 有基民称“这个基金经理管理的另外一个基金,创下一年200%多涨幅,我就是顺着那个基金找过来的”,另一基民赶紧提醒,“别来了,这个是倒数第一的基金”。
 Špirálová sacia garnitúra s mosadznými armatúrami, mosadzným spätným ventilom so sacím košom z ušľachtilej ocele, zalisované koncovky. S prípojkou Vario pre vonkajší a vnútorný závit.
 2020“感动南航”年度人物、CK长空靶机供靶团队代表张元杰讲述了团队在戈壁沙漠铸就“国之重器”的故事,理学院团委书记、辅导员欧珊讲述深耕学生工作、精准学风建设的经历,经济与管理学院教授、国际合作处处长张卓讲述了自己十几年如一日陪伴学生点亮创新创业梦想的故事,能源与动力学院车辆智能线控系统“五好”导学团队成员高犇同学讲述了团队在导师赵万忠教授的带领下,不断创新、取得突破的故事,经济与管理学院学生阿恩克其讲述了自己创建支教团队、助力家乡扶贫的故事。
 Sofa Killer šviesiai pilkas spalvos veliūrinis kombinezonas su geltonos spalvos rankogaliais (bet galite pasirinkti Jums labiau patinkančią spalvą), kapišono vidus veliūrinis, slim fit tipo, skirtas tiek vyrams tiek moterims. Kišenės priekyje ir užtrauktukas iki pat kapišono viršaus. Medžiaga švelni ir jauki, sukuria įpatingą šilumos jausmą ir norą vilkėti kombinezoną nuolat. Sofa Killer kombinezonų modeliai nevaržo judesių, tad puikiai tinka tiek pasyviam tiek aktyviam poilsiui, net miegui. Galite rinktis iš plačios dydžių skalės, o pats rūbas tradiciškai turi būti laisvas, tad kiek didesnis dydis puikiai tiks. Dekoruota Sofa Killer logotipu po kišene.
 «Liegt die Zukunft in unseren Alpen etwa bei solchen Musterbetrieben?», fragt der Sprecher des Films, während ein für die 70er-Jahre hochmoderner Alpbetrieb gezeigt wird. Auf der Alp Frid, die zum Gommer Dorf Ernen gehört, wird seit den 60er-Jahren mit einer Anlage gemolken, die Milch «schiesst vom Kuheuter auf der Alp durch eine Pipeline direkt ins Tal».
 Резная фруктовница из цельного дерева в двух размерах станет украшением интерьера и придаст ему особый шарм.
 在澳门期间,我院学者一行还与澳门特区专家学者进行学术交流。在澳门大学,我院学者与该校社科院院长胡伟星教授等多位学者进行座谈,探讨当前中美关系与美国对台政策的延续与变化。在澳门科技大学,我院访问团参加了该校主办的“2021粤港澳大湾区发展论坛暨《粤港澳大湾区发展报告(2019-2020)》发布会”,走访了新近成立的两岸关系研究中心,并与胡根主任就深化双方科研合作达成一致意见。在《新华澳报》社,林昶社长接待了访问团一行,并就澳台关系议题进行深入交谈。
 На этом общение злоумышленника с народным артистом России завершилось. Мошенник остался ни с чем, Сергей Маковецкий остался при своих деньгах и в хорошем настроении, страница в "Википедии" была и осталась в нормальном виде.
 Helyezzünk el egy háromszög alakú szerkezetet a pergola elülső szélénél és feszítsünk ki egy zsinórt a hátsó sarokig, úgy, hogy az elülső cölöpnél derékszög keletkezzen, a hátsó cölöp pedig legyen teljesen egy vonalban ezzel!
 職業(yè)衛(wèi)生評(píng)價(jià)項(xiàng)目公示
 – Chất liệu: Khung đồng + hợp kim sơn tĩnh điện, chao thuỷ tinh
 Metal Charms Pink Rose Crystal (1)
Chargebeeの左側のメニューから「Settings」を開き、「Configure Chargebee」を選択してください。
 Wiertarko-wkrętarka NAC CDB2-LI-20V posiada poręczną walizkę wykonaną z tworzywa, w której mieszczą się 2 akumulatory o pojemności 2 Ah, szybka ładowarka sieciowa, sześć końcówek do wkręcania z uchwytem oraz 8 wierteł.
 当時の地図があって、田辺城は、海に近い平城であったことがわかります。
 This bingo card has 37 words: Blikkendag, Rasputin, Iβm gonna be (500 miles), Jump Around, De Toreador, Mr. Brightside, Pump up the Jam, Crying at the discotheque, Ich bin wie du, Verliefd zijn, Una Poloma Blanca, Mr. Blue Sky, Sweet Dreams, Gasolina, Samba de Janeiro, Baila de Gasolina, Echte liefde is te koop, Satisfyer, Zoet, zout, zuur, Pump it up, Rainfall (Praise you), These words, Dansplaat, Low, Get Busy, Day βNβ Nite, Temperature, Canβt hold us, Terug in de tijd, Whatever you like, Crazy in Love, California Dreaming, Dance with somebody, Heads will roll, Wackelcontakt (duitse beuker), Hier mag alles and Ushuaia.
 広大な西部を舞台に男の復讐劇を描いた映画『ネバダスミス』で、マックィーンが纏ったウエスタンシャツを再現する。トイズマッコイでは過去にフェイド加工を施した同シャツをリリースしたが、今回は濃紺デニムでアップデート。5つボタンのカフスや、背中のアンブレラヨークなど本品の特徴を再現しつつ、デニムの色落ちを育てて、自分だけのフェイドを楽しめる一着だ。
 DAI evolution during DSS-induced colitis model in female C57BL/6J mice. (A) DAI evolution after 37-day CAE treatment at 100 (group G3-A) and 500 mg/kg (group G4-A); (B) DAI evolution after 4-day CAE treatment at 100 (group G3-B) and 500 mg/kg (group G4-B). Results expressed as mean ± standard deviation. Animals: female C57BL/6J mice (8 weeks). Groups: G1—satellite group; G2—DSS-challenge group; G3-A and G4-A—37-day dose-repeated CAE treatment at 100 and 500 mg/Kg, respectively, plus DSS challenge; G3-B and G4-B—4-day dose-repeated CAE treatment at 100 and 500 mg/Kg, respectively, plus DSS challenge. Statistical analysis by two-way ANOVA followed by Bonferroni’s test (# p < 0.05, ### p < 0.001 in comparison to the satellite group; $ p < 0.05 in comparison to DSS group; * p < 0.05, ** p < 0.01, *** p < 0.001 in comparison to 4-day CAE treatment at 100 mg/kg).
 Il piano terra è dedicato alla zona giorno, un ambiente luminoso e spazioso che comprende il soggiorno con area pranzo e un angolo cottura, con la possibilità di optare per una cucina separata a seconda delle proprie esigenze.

---*---

| ASSIGNMENT |
An exact copy of the lines above, from the one containing "Metal Charms Pink Rose Crystal (1)" down to the one containing "広大な西部を舞台に男の復讐劇" and including both, is the whole answer; retype it and nothing else.

| EXERCISE RESPONSE |
 Metal Charms Pink Rose Crystal (1)
Chargebeeの左側のメニューから「Settings」を開き、「Configure Chargebee」を選択してください。
 Wiertarko-wkrętarka NAC CDB2-LI-20V posiada poręczną walizkę wykonaną z tworzywa, w której mieszczą się 2 akumulatory o pojemności 2 Ah, szybka ładowarka sieciowa, sześć końcówek do wkręcania z uchwytem oraz 8 wierteł.
 当時の地図があって、田辺城は、海に近い平城であったことがわかります。
 This bingo card has 37 words: Blikkendag, Rasputin, Iβm gonna be (500 miles), Jump Around, De Toreador, Mr. Brightside, Pump up the Jam, Crying at the discotheque, Ich bin wie du, Verliefd zijn, Una Poloma Blanca, Mr. Blue Sky, Sweet Dreams, Gasolina, Samba de Janeiro, Baila de Gasolina, Echte liefde is te koop, Satisfyer, Zoet, zout, zuur, Pump it up, Rainfall (Praise you), These words, Dansplaat, Low, Get Busy, Day βNβ Nite, Temperature, Canβt hold us, Terug in de tijd, Whatever you like, Crazy in Love, California Dreaming, Dance with somebody, Heads will roll, Wackelcontakt (duitse beuker), Hier mag alles and Ushuaia.
 広大な西部を舞台に男の復讐劇を描いた映画『ネバダスミス』で、マックィーンが纏ったウエスタンシャツを再現する。トイズマッコイでは過去にフェイド加工を施した同シャツをリリースしたが、今回は濃紺デニムでアップデート。5つボタンのカフスや、背中のアンブレラヨークなど本品の特徴を再現しつつ、デニムの色落ちを育てて、自分だけのフェイドを楽しめる一着だ。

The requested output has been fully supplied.